── DATA ──

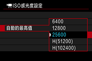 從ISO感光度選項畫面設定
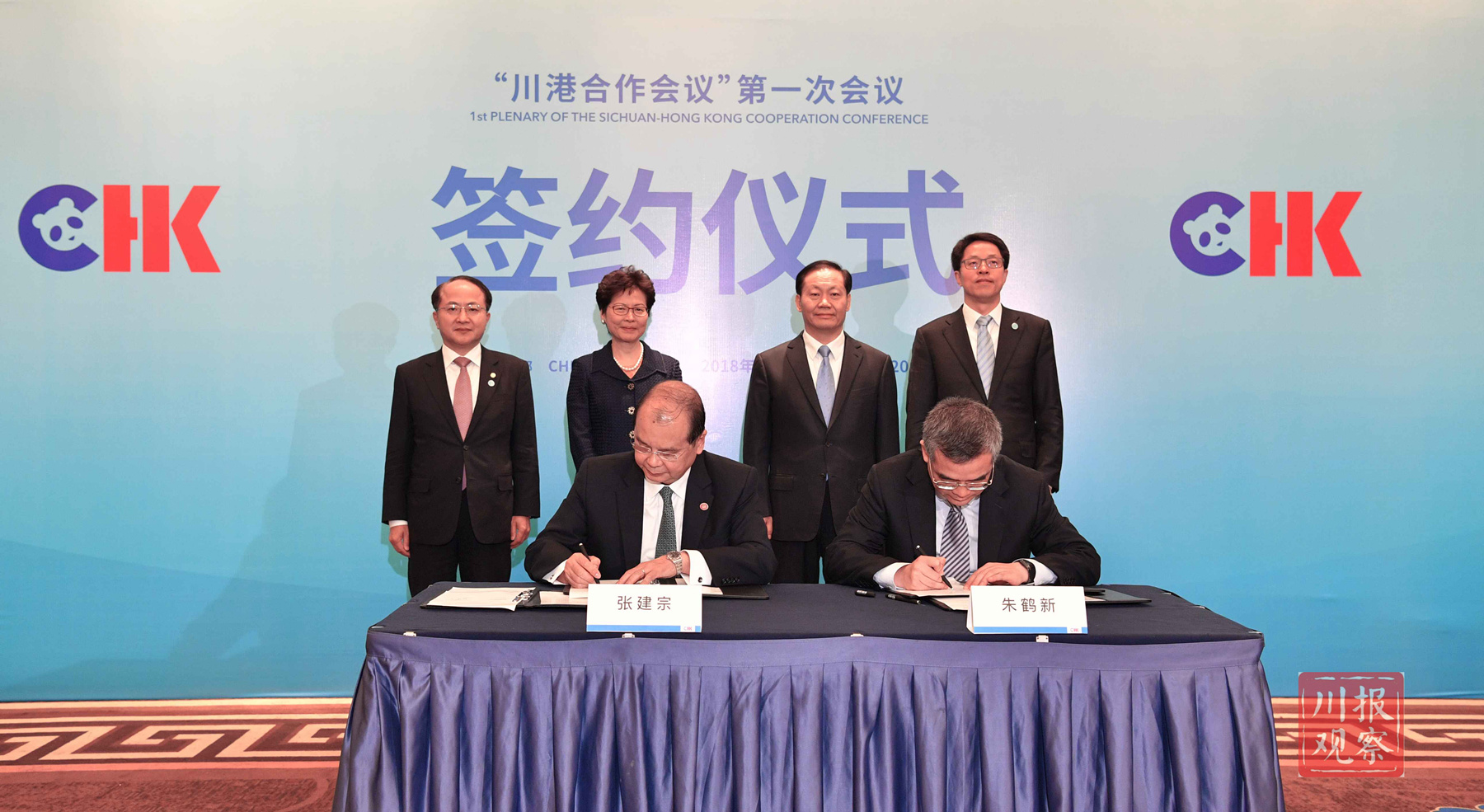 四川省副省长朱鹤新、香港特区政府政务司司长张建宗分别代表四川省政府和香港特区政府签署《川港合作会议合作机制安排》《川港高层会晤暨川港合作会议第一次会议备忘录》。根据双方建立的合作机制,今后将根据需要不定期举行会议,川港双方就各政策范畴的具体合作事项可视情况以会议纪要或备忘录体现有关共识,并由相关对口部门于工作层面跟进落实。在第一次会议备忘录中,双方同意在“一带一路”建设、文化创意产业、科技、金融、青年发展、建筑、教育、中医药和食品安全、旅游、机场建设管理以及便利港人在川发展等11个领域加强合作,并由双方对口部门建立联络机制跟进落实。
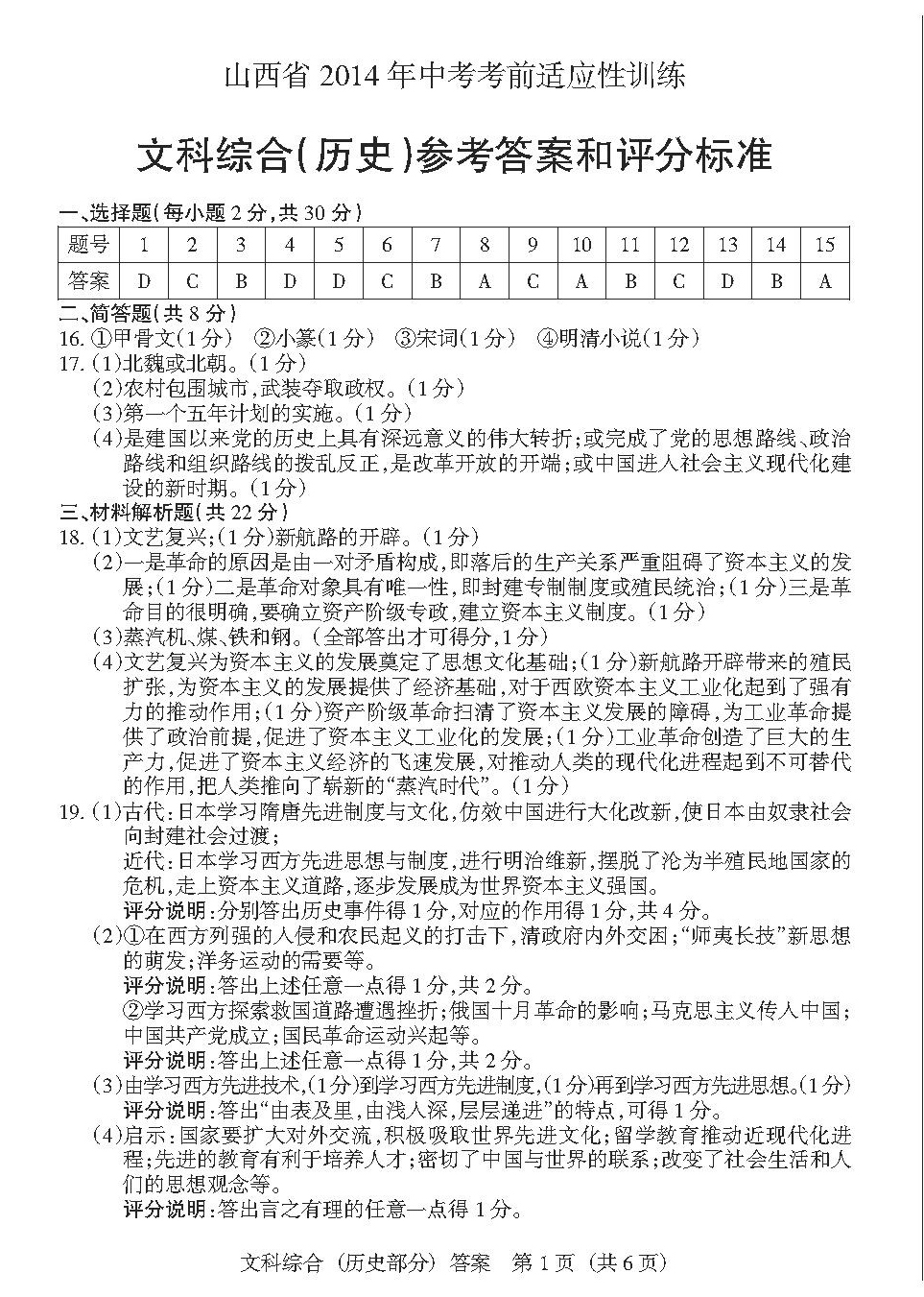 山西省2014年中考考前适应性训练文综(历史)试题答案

───

» EXERCISE BRIEF:
Reprint the listing above verbatim but drop the images.

» RESPONSE BELOW:
 從ISO感光度選項畫面設定
 四川省副省长朱鹤新、香港特区政府政务司司长张建宗分别代表四川省政府和香港特区政府签署《川港合作会议合作机制安排》《川港高层会晤暨川港合作会议第一次会议备忘录》。根据双方建立的合作机制,今后将根据需要不定期举行会议,川港双方就各政策范畴的具体合作事项可视情况以会议纪要或备忘录体现有关共识,并由相关对口部门于工作层面跟进落实。在第一次会议备忘录中,双方同意在“一带一路”建设、文化创意产业、科技、金融、青年发展、建筑、教育、中医药和食品安全、旅游、机场建设管理以及便利港人在川发展等11个领域加强合作,并由双方对口部门建立联络机制跟进落实。
 山西省2014年中考考前适应性训练文综(历史)试题答案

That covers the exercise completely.